L’amnistie fiscale bientôt finie
« Une morsure dans la tête du chauve vaut mieux que rien». C’est bel et bien ce dicton marocain que l’État, à défaut de vraies réformes fiscales et budgétaires, essaie d’appliquer à la lettre. Mais c’est aussi là un événement devenu récurrent, avec une moyenne tous les dix ans. Car au lieu de s’attaquer aux racines du « mal budgétaire », nos chers gouvernants se contentent de purger les conséquences. Une solution nécessairement toujours provisoire. Mais un « provisoire durable » pour mieux qualifier les politiques budgétaires conduites et reconduites avec le souci principal, voire exclusif, de maintien des équilibres macroéconomiques.
En effet, la mesure phare introduite dans la loi de finances de l’année 2018, au niveau de l’article 10, vise à encourager les contribuables à se libérer de leurs dettes, en leur accordant le bénéfice, soit de l’annulation totale des pénalités, amendes, majorations et frais de recouvrement afférents au principal des impôts, droits et taxes prévus par le Code Général des Impôts ou abrogés, mis en recouvrement avant le 1er janvier 2016 et restés impayés, au 31 décembre 2017, soit d’une réduction de 50% des amendes, pénalités, majorations et frais de recouvrement pour les redevables uniquement desdites amendes, pénalités, majorations et frais de recouvrement demeurés impayés, au 31 décembre 2017. Est-il question de « remettre les compteurs à zéro », et d’assainir la situation budgétaire de l’État, de contribuer à l’émergence de nouveaux rapports avec les contribuables et surtout d’un nouvel environnement favorable à une meilleure gouvernance budgétaire dans le cadre du processus entamé à travers la mise en œuvre de la nouvelle loi organique des finances ? Difficile de répondre négativement ou d’affirmer. En tout cas le constat est là. Les contribuables habitués à régler l’impôt dans les délais ne pourront ressentir qu’injustice. Aucune étude n’a été officiellement entamée pour essayer de comprendre les causes de cette situation des «restes à recouvrer » qui s’accumulent périodiquement, et éventuellement pouvoir accompagner l’opération d’amnistie par de vraies réformes permettant de mettre des gardes fous et d’éviter à l’avenir le retour d’une situation identique.

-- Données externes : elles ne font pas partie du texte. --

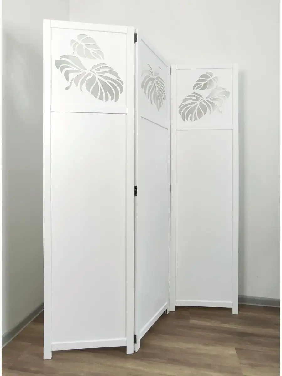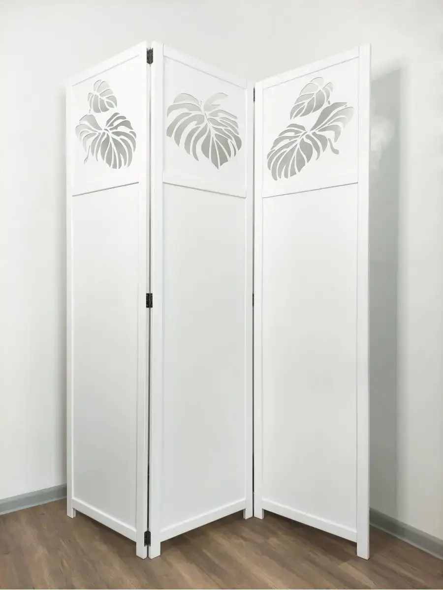 Ширма напольная с резными вставками "Листья монстеры". Деревянная ширма - перегородка для зонирования помещений, студий, современных интерьеров. Рама ширмы выполнена из массива сосны ширина 4 см. и толщиной 2см., покрыта натуральным акриловым лаком. Вставки из березовой фанеры 4 мм. Ширма дополнит и украсит интерьер квартиры, загородного дома, салона красоты. Ширма продается в собранном виде. Вам останется только достать из коробки, снять упаковку и поставить ее на выбранное место. Размер створки ширмы 1800х480 мм. В развернутом виде трехстворчатая ширма шириной 144см. Ширма изготовлена в России.

Est-ce un simple déficit d’ordre technique, au niveau de la gestion administrative du recouvrement fiscal ? Auquel cas, la réorganisation des administrations concernées, à travers notamment la dématérialisation et le renforcement qualitatif des ressources, pourrait y remédier. N’est-ce pas plutôt le dispositif légal et réglementaire régissant le recouvrement des créances publiques qui gagnerait à être profondément revu à la lumière des évolutions qu’a connues la réalité, ces dernières décennies ? Auquel cas, c’est au gouvernement et au Parlement de se pencher sur le texte régissant le recouvrement public et de revoir en particulier les dispositions devenues obsolescentes. Enfin, et c’est peut-être là que réside le hic, n’est-ce pas d’abord une question de volonté politique ? Car ce n’est plus un secret. Marocains et Marocaines savent très bien que derrière les grands montants des recettes à recouvrer, se cachent des potentats, parlementaires et ministres qui, tout simplement, ne se sentent pas concernés par l’impôt, quand ils ne s’accordent pas purement et légalement des exonérations. Une féodalité de fait.